Under this government, poverty has been supplemented in a particular way, and for obvious political and economic reasons. The supplement has been targeted as much as possible at people who work, not the "feckless", and particularly at those who work and have children. The logic behind the strategy is perfectly clear.
When Labour came to power, it did want to deliver social justice, but it was afraid of being seen as too lefty. So it clothed many of its redistributive instincts in a presentation similar to that familiar from those little envelopes from the days before chuggers hit the streets looking for direct debits, asking for money for an African famine appeal.
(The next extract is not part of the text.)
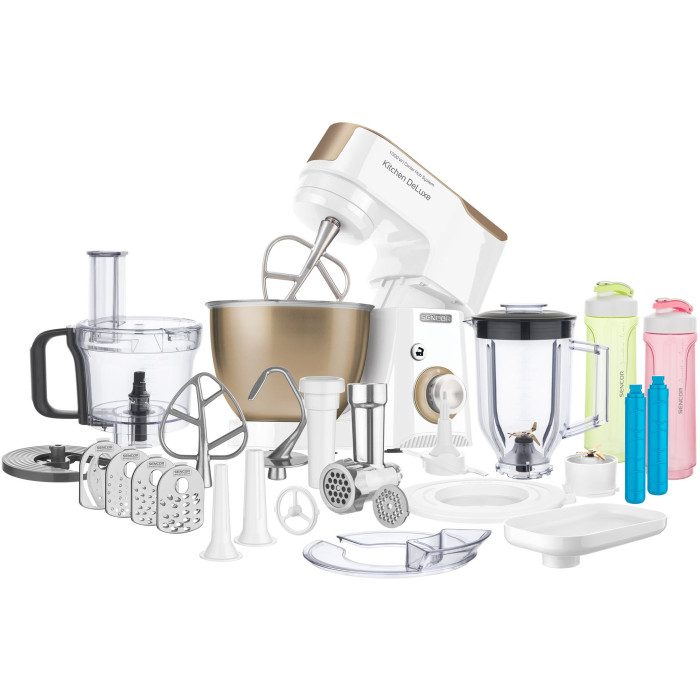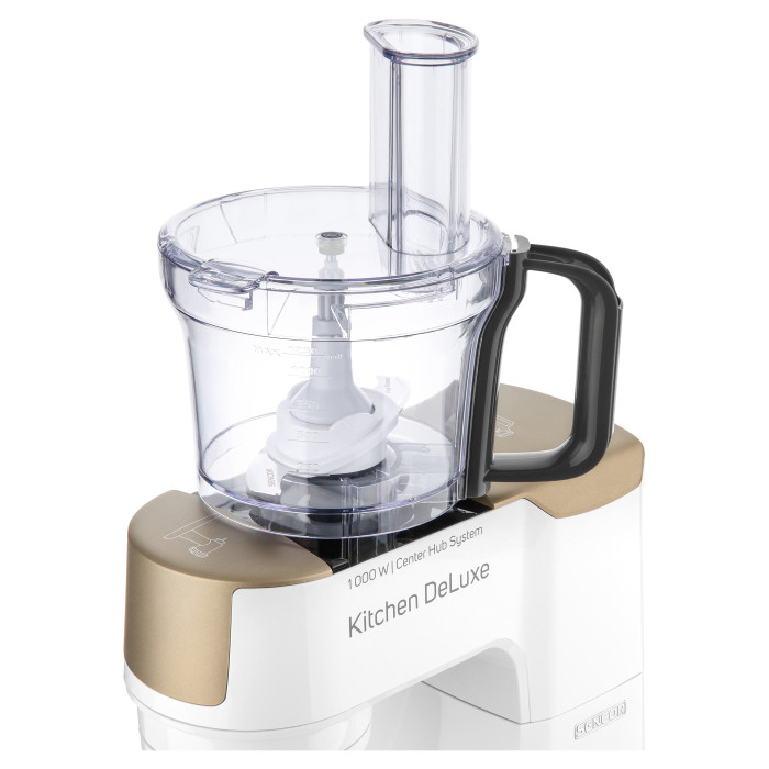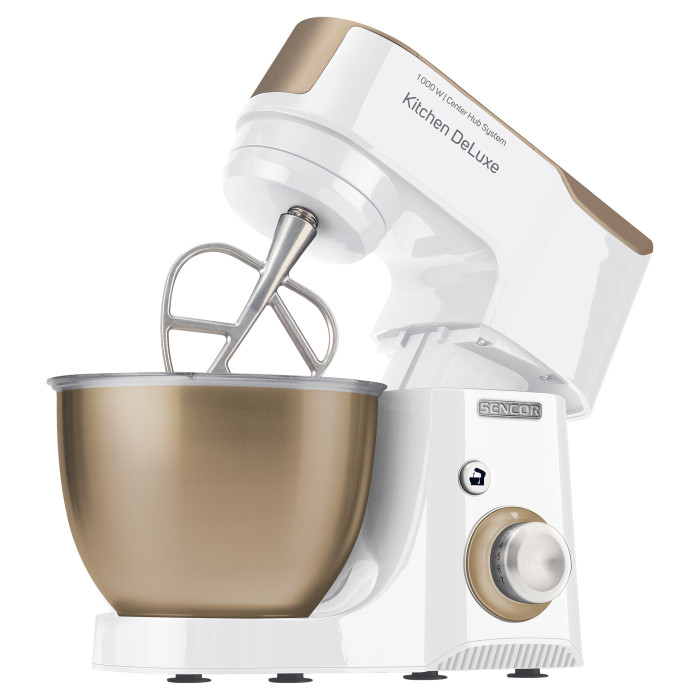 Кухонна машина Sencor 1000Вт, чаша-метал, корпус-пластик, насадок-15, біло-золотий

The alleviation of poverty would be a state-run charitable enterprise, aimed at helping the innocent, the children, those who could not be expected to fend for themselves. That way, only the heartless indeed could sneer or complain. This grand public project would lift millions of children out of poverty – with a target of eradicating child poverty by 2020. This remains the Government's most cherished goal.
I don't doubt that the prime mover behind the detail of all of this has from the start been Gordon Brown. I don't doubt either that his actions and decisions have been anything other than a compromise between his belief in fairness and equality and his need to keep employers and voters happy. But the patent unhappiness of both of these latter groups can only suggest that it hasn't worked out that way.
The one genuine policy for directly tackling poverty (apart from the brief introduction of the 10p tax band) was the introduction of the national minimum wage. Despite all the opposition to its introduction, and to the meagre hikes it has undergone since then, the minimum wage still guarantees nothing except a level of poverty wages higher than some employers might otherwise get away with. The protection the minimum wage offers is marginal.
If you are over 22, and working a 40-hour week on the minimum wage, you will gross £10,000 a year. For a long time now, the beleaguered, Daily Telegraph-reading classes have been complaining about how it is hard to manage on such a sum in a month.
The decade-old idea is that with tax credits, unless you have no dependents and no rent to pay, you won't really have to live on just your earnings at all. The reality, however, is that the problems with low pay have actually exacerbated some of Labour's most visible headaches.
Low and insecure pay make people fearful of letting go of their benefits, especially incapacity benefits. It makes a mockery of the idea that you wait until you can afford them before you have children. (The carrot, in fact, is to the contrary.) It fuels employer demand for immigrant workers, whose own less developed economies make British poverty pay seem like an attractive short-term proposition.
Not even the looniest socialist would now suggest raising the minimum wage as a means of alleviating poverty, as the world teeters on recession. But it is still a pity that Labour decided that the tax-payer should supplement poverty, because the shareholder could not possibly be overly involved in such an eminently charitable undertaking as "making work pay".